Пробудился Иисус в точно определенное для себя время, оседлал своего мула, тогда только разбудил Марию. Не будь под ней седла, потника и попоны, он бы приготовил в дорогу и ее мула, увы, как ни жалко было будить ее, так сладко спавшую, но ничего не поделаешь: нужно ехать.
Оседлан второй мул, осушены кубки вина, чтобы взбодриться окончательно, и — в путь.
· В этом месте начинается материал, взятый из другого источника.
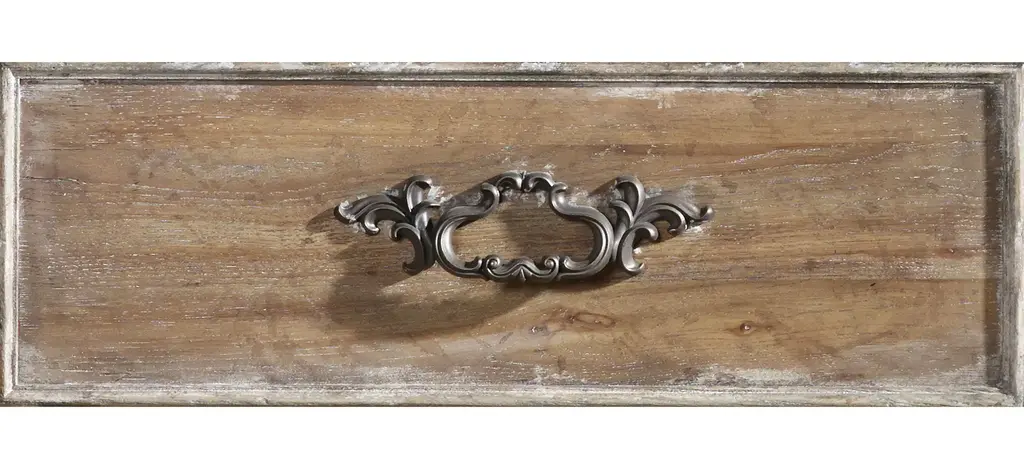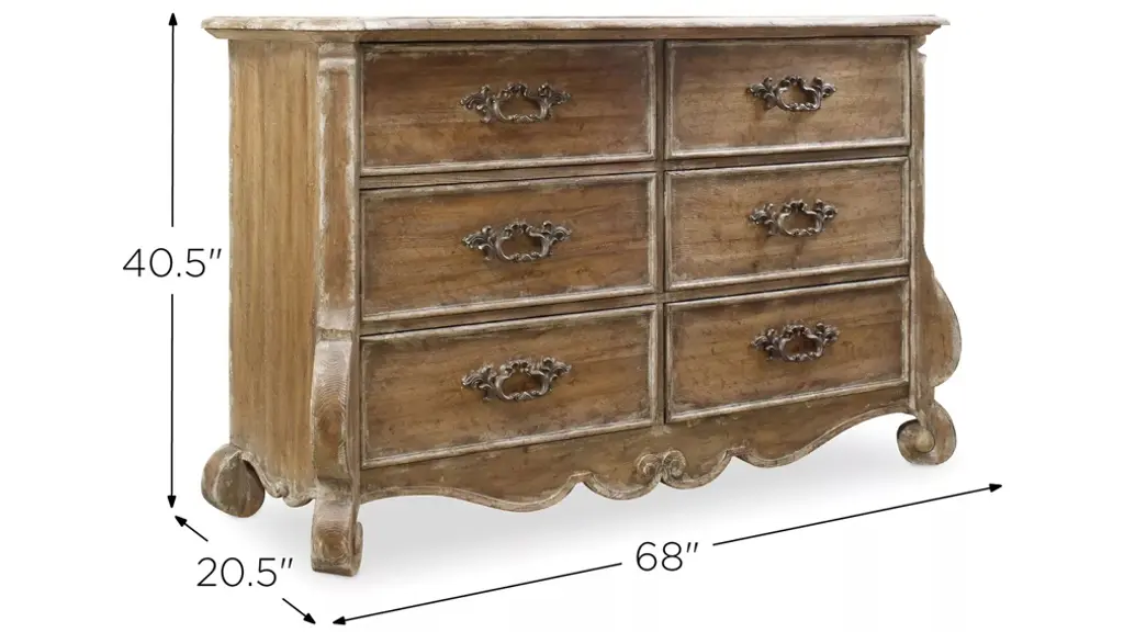 A vision of romantic style with its scalloped base, turned legs and elegant hardware, the Chatelet Dresser is finished in Caramel Froth, a soft amber color with a touch of aged white paint to highlight distinctive grains and moldings. The six drawers include a drop-in felt liner for the top two drawers and cedar lining in the two bottom drawers.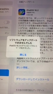 エラーの内容は「ソフトウェアをアップデート出来ませんでした。iPadOS16.2のダウンロード中にエラーが起きました。」x10回連続しています。

Дорога пустынна. Такой будет она до самой Самарии. Но и там она вряд ли станет людной: самаритяне в пасхальный день справляют положенное, только не в Иерусалимском храме, а на горе Гаризин. Однако по расчету Иисуса торжественные жертвоприношения и пиршества на горе закончатся к тому времени, как они с Марией подъедут к Гевал-горе, возвышавшейся южнее Сихема. Так что и Сихем они минуют, не привлекая внимания.
Впрочем, среди самаритян мало тех, кто хорошо знает его в лицо, хотя проповеди его нашли среди них доброе понимание, и многие уверовали в него. Особенно после разговора с самаритянкой из Сихема. Она на весь город возгласила его пророком, и он без враждебности, а с почетом был зван родными и близкими самаритянки.
Под вечер они подъехали к Гаризин-горе, и Мария придержала мула.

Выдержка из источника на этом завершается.